___ EXERCISE MATERIALS ___

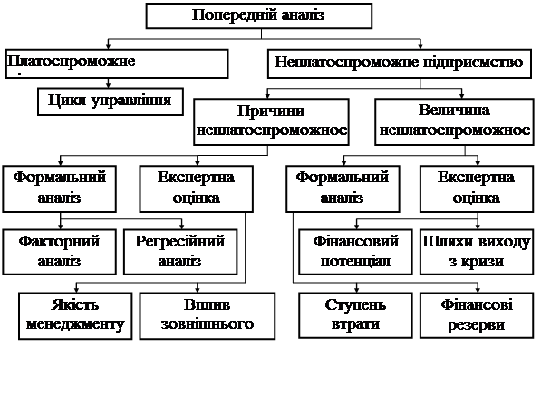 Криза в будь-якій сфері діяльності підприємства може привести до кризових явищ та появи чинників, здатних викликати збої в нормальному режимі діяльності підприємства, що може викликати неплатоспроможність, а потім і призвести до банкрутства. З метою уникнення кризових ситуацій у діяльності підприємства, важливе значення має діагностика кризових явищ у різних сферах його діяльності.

___
___ EXERCISE MATERIALS ___

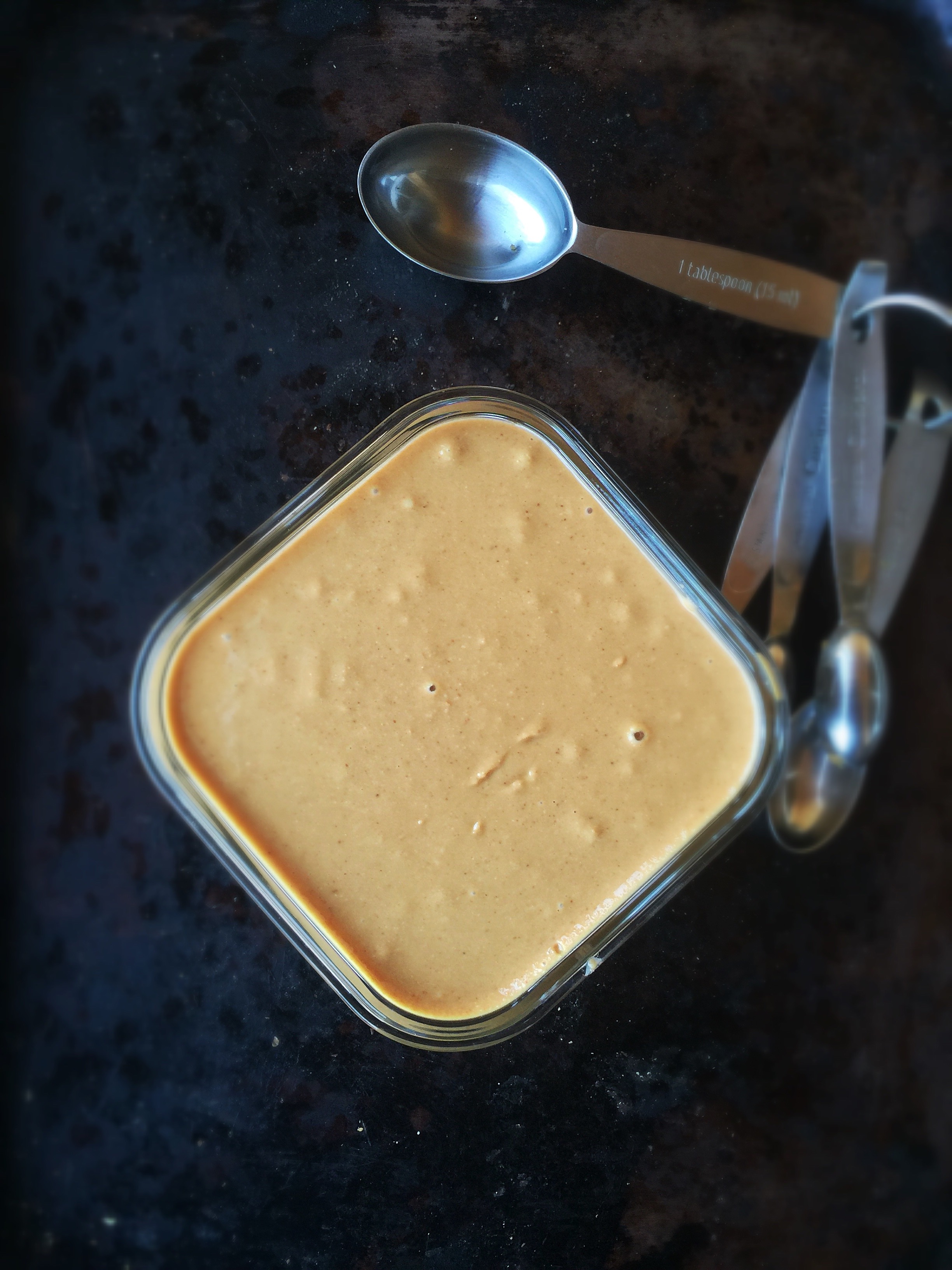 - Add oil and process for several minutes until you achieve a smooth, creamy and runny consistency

___
___ EXERCISE MATERIALS ___

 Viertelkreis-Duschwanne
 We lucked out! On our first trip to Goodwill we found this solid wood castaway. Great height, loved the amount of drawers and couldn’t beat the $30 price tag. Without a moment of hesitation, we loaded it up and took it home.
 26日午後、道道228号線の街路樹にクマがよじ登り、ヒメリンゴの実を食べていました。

___

**TASK**. Word for word, restate the lines of the data above that fall between the line holding "Viertelkreis-Duschwanne" and the line holding "26日午後、道道228号線の", inclusive, and no other lines.

**FINISHED TASK**.
 Viertelkreis-Duschwanne
 We lucked out! On our first trip to Goodwill we found this solid wood castaway. Great height, loved the amount of drawers and couldn’t beat the $30 price tag. Without a moment of hesitation, we loaded it up and took it home.
 26日午後、道道228号線の街路樹にクマがよじ登り、ヒメリンゴの実を食べていました。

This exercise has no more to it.